In origine sparse in diversi punti della Capitale, le cosiddette statue parlanti sono forse una delle migliori espressioni di quell’anima tutta romana, portata per la satira e per un atteggiamento irriverente nei confronti del potere e delle sue più vuote ostentazioni. La loro tradizione nasce in epoca pontificia, quando il popolo cominciò ad appendere cartelli con scritte satiriche al collo di queste sculture.
Se oggi il celebre Pasquino è l’unica superstite, un tempo l’elenco era più lungo e comprendeva statue che hanno spesso dato il nome alle vie in cui si trovavano (è il caso appunto di Piazza di Pasquino o di Via del Babuino). Tra tutte ricordiamo: Marforio nel cortile del Museo Capitolino, Madama Lucrezia a Piazza di S. Marco, l’Abate Luigi a Piazza Vidoni, il Facchino in via Lata, il Babuino a Via del Babuino.
Il “nostro” Pasquino è una statua del periodo ellenista (la datazione è riconducibile al III secolo a.C.): ciò che ne rimane è in realtà un doppio frammento di due corpi, di cui uno probabilmente raffigurante un guerriero greco, ma si ipotizza anche che si tratti di Menelao che sorregge il corpo morente di Patroclo. Pare che in origine la statua, rinvenuta nel 1501 in seguito a degli scavi, ornasse lo Stadio di Domiziano, ossia l’attuale Piazza Navona. A seguito del ritrovamento fu spostata nella posizione attuale, in quella che al tempo era Piazza di Parione (che è anche il nome di quel rione) e che oggi è invece, appunto, Piazza di Pasquino.
Il nome stesso della statua è tanto misterioso quanto le sue origini e ciò che rappresenta. Diverse sono le ipotesi al riguardo: la più accreditata rintraccia Pasquino in un noto artigiano del rione Parione (un barbiere o un sarto o un calzolaio), famoso per la sua vena satirica. Secondo altri si tratterebbe di un ristoratore che esponeva i suoi versi proprio in quella piazzetta, mentre altre versioni parlano di docenti di grammatica latina o di protagonisti del Decamerone di Boccaccio. Ma a noi piace pensare che una statua così popolare, che ha dato voce così sapientemente al popolo romano, abbia preso nome da uno dei suoi rappresentanti più umili, un bottegaio, un artigiano o un ristoratore col vizio per la poesia e con l’animo pieno di satira irriverente.

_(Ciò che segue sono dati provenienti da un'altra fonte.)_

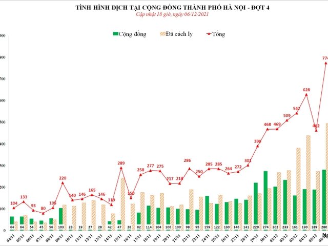 Chiều 6/12, Trung tâm Kiểm soát bệnh tật (CDC) TP Hà Nội thông tin thêm 774 người nhiễm SARS-CoV-2.

Le pasquinate, ossia i cartelli e manifesti satirici che venivano appesi nottetempo al collo delle statue parlanti, cominciano a comparire in epoca papale, in veste di invettive, lazzi e versi nei confronti dei rappresentanti del potere temporale del papato. Sovente erano i papi stessi ad essere bersaglio delle aspre satire romanesche, tanto che più d’un pontefice tentò di rimuovere il Pasquino, salvo essere “dissuaso” dai consigli di chi conosceva bene il popolo romano e le sue possibili, incontrollabili reazioni di fronte ad una tale censura. Se in un primo momento però furono persino posti i gendarmi a sorvegliare nottetempo le statue parlanti (non scoraggiando tuttavia le affissioni), in seguito lo stesso potere temporale intuì le potenzialità di questa usanza, tanto che le statue furono spesso utilizzate anche come spazio affissioni per le “campagne elettorali” per l’elezione dei nuovi papi o comunque come spazi utilizzabili a fini propagandistici contro gli avversari.
Sin dall’origine legata quindi al potere pontificio, la storia delle pasquinate si interruppe momentaneamente proprio a seguito dell’annessione di Roma al nuovo Regno d’Italia. Ma fu un’assenza a cui i tempi moderni hanno saputo finalmente porre rimedio, rinverdendo i fasti del Pasquino con nuove quotidiane pasquinate, legate alla politica, all’attualità, all’ostentazione del potere, ai vizi dei potenti, con un respiro a volte internazionale, a volte locale, rivolto ai problemi della Capitale. In ogni caso il periodo di “buio” che seguì alla breccia di Porta Pia non fu mai totale e sporadiche pasquinate ruppero saltuariamente un silenzio che i decenni a venire avrebbero definitivamente eliminato, riportando in auge una delle tradizioni che meglio racconta cosa sia l’invettiva romanesca.